BryanCutler edited a comment on issue #24070: [SPARK-23961][PYTHON] Fix error when toLocalIterator goes out of scope
URL: https://github.com/apache/spark/pull/24070#issuecomment-480104456
 
 
   > Are we solving this problem on the "right" side? Is it common for the the localiterator to go out of scope before being consumed?
   If it is is a relatively infrequent occurrence, would it possible make sense to just make the Java code accept that the Python socket may go away?
   
   Thanks @holdenk , I totally agree.  I started off with a fix that would catch the error on the Java side and just allow the connection to be broken without showing the error.  Let me summarize the trade-offs that I noticed:
   
   **Catch/Ignore error in Java:**
   - No change in the protocol to Python, keeps things the same
   - This is the fastest way to iterate through all elements
   - Ignoring the error _might_ hide an actual error, but this is over a local socket so once the connection is made I'm not sure how likely an error is
   - While Python is still consuming data from one partition, other jobs will be started to collect the next partitions until write to the socket is blocked again.  This is nice if all the data is used, but bad if it's not.
   
   **Synchronized Protocol (this PR):**
   - Allows for the iterator to go out of scope and close the connection cleanly, without needing to catch/ignore errors.

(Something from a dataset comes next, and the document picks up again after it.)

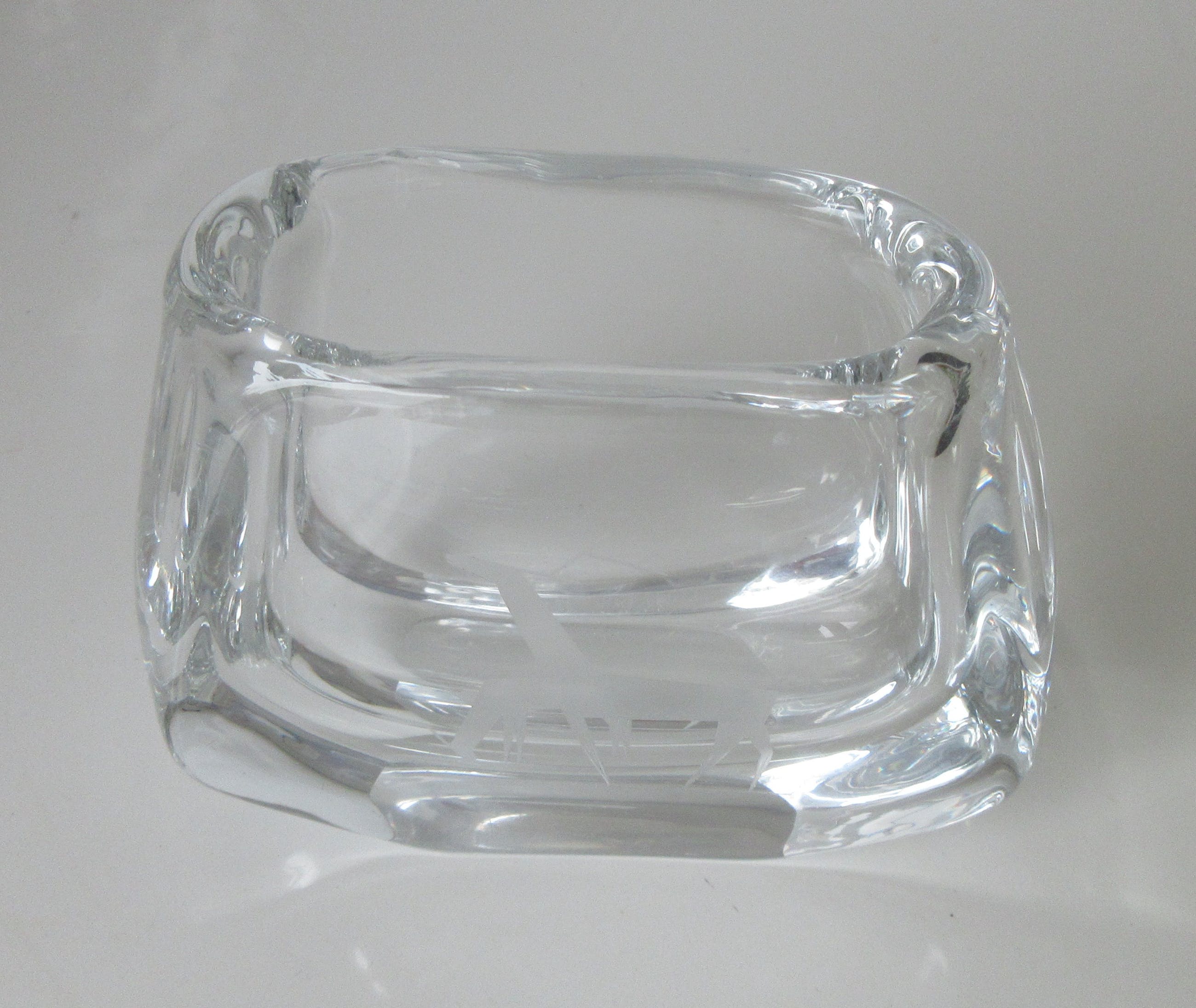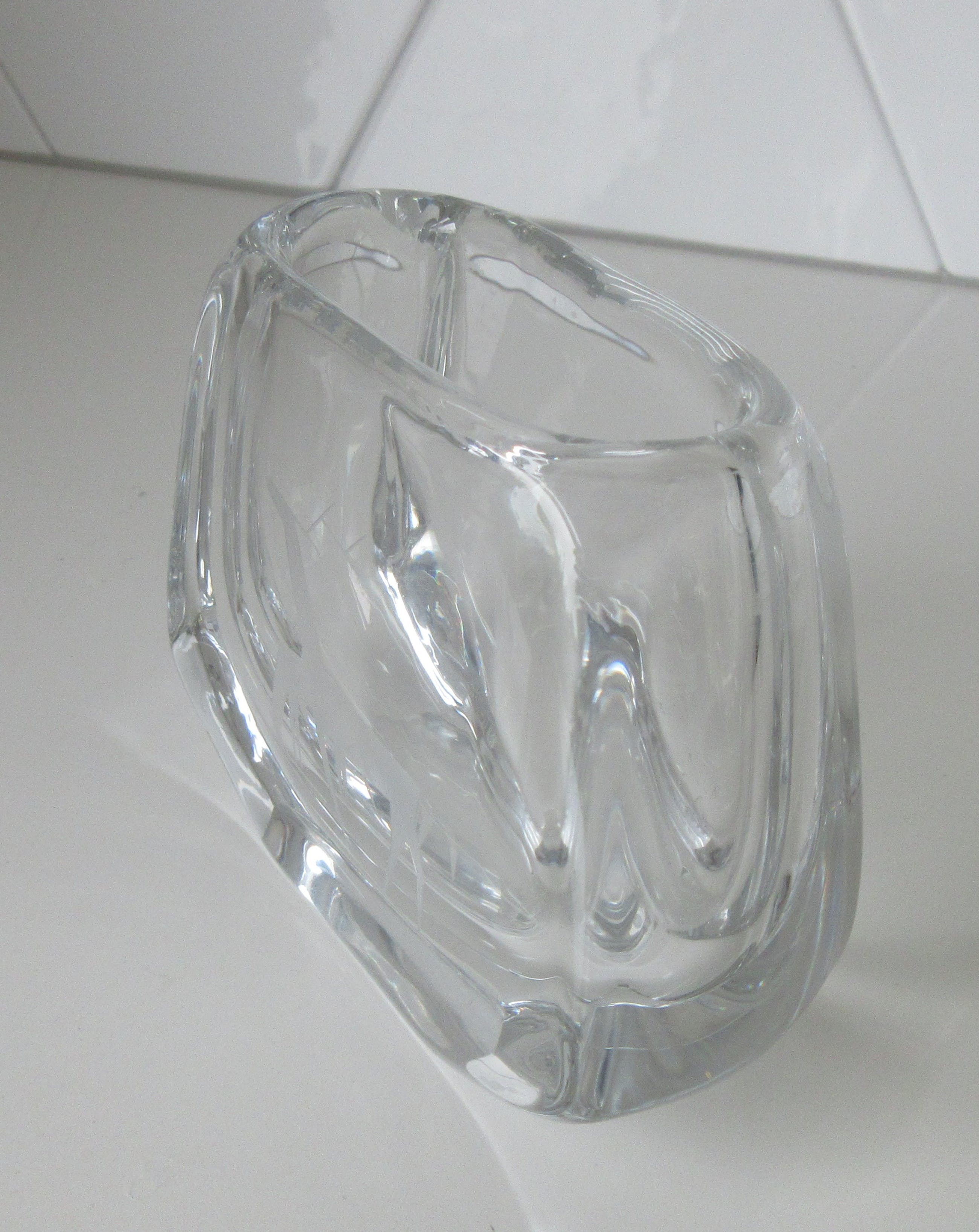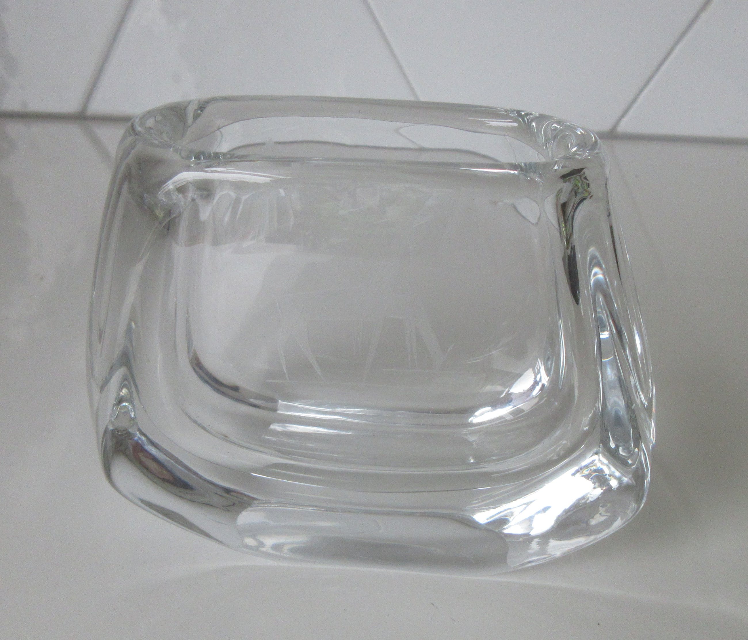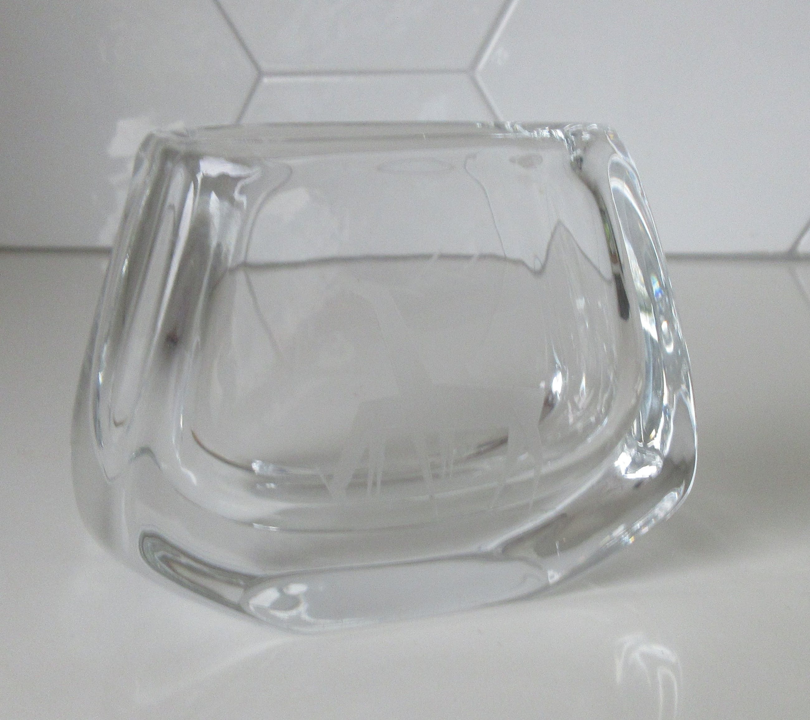 Zweedse dikwandige glazen vaas met etsdecor van gestileerde herten. Mooi vintage stuk glas, niet gesigneerd of gemerkt maar Zweedwse origine.

   - Jobs are only triggered when the next element is needed. So only after the last element of  a partition is consumed, the next partition is collected. This matches the behavior of Scala toLocalIterator.
   - Performance is a little slower because of synchronization and no longer eagerly collecting the next partition
   - Makes the communication between Python more complicated
   
   I went with the second option here because I definitely didn't want to mask potential real errors, and only triggering jobs for data that is requested, matches Scala and is good for some use cases. Also while we don't want performance to suck, I think people would use toLocalIterator to work with constrained memory (1 partition at a time) and do a regular collect if they want good performance.
   
   I'm not completely sure this is the best fix, so I'm happy to discuss :)
   
   Btw, from the JIRA for this, the user was calling `itertools.islice(..)` to take a slice of the the local iterator, which wasn't fully consuming it. I would agree it is probably more common to consume the entire iterator though.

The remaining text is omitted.